Table 1.
k_c | initial nodes | largest tangle | largest SCC | splicing graphs | max length | N50 | >1-node graphs | max nodes | avg nodes | SNPs | total hits | unique hits | >1-hit graphs | max hits | time (mins) | memory (GB) |
---|---|---|---|---|---|---|---|---|---|---|---|---|---|---|---|---|
25_3 | 38884 | 17900 | 9937 | 15713 | 37380 | 2366 | 1361 | 3106 | 10 | 883 | 12731 | 10162 | 643 | 27 | 80,3 | 21,2 |
25_5 | 34822 | 16979 | 9255 | 15521 | 37380 | 2374 | 1351 | 266 | 7 | 517 | 12708 | 10160 | 643 | 27 | 80,3 | 21,2 |
25_10 | 34494 | 16712 | 9057 | 15486 | 37380 | 2373 | 1345 | 194 | 7 | 481 | 12699 | 10158 | 639 | 27 | 80,3 | 21,2 |
31_3 | 28342 | 5037 | 2080 | 13819 | 45158 | 2704 | 1719 | 1007 | 7 | 496 | 12523 | 11112 | 546 | 12 | 76,3 | 18,2 |
31_5 | 27307 | 4971 | 1898 | 13740 | 45158 | 2714 | 1717 | 167 | 6 | 381 | 12494 | 11110 | 552 | 13 | 76,3 | 18,2 |
31_10 | 27265 | 4947 | 1885 | 13829 | 45158 | 2704 | 1698 | 161 | 6 | 377 | 12536 | 11109 | 542 | 13 | 76,3 | 18,2 |
Initial nodes denotes the number of nodes that are in the initial assembly.

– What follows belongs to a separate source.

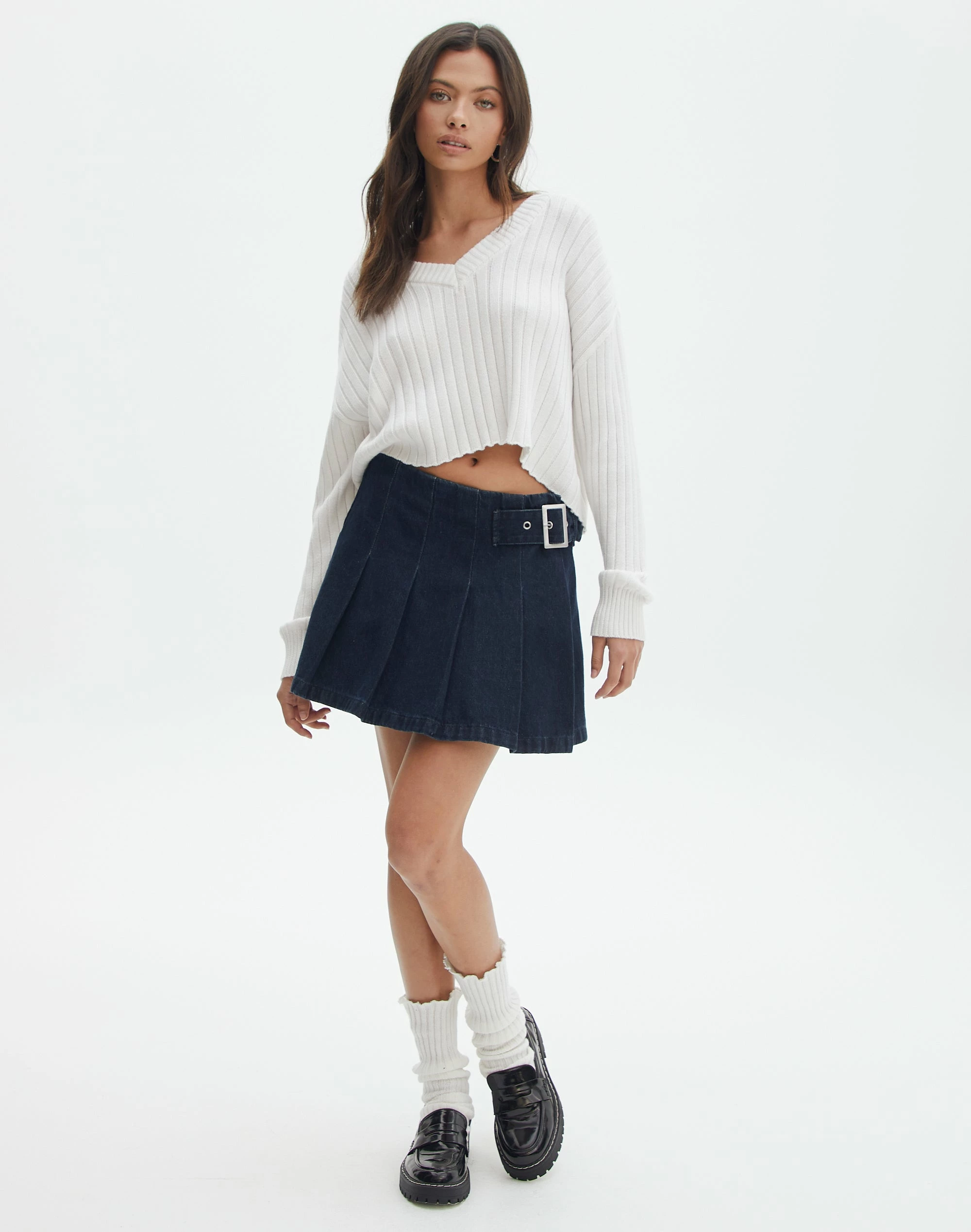 Be the first to review “Denim Mini Pleat Buckle Skirt” Cancel reply

Largest tangle denotes the number of nodes of the largest connected component. Largest SCC denotes the number of nodes of the largest strongly connected component. Splicing graphs denotes the number of splicing graphs. Max length denotes the length (in nucleotides) of the longest path over all splicing graphs. N50 denotes the N50 value of the length (in nucleotides) of the longest path in each graph. >1-node graphs denotes the number of graphs with more than one node. Max nodes denotes the maximum number of nodes in these non-linear graphs. Avg nodes denotes the average number of nodes in these non-linear graphs. SNPs denotes the number of SNPs recovered. Total hits denotes the total number of hits from translated BLAST search of each node to Drosophila (isoforms are considered the same gene, only the top hit with E-value below 10−7 is included for each node in a splicing graph, and hits from nodes within the same splicing graph to the same gene are counted once). Unique hits denotes the number of unique hits to different genes. >1-hit graphs denotes the number of splicing graphs that have BLAST hits to more than one gene. Max hits denotes the maximum number of different genes that have BLAST hits to a splicing graph. Time (mins) denotes the computational time in minutes, with the values to the left and to the right of "," indicating the running time of Velvet and our postprocessing algorithm respectively. Memory (GB) denotes the memory requirement in gigabytes, with the values to the left and to the right of "," indicating the memory requirement of Velvet and our postprocessing algorithm respectively.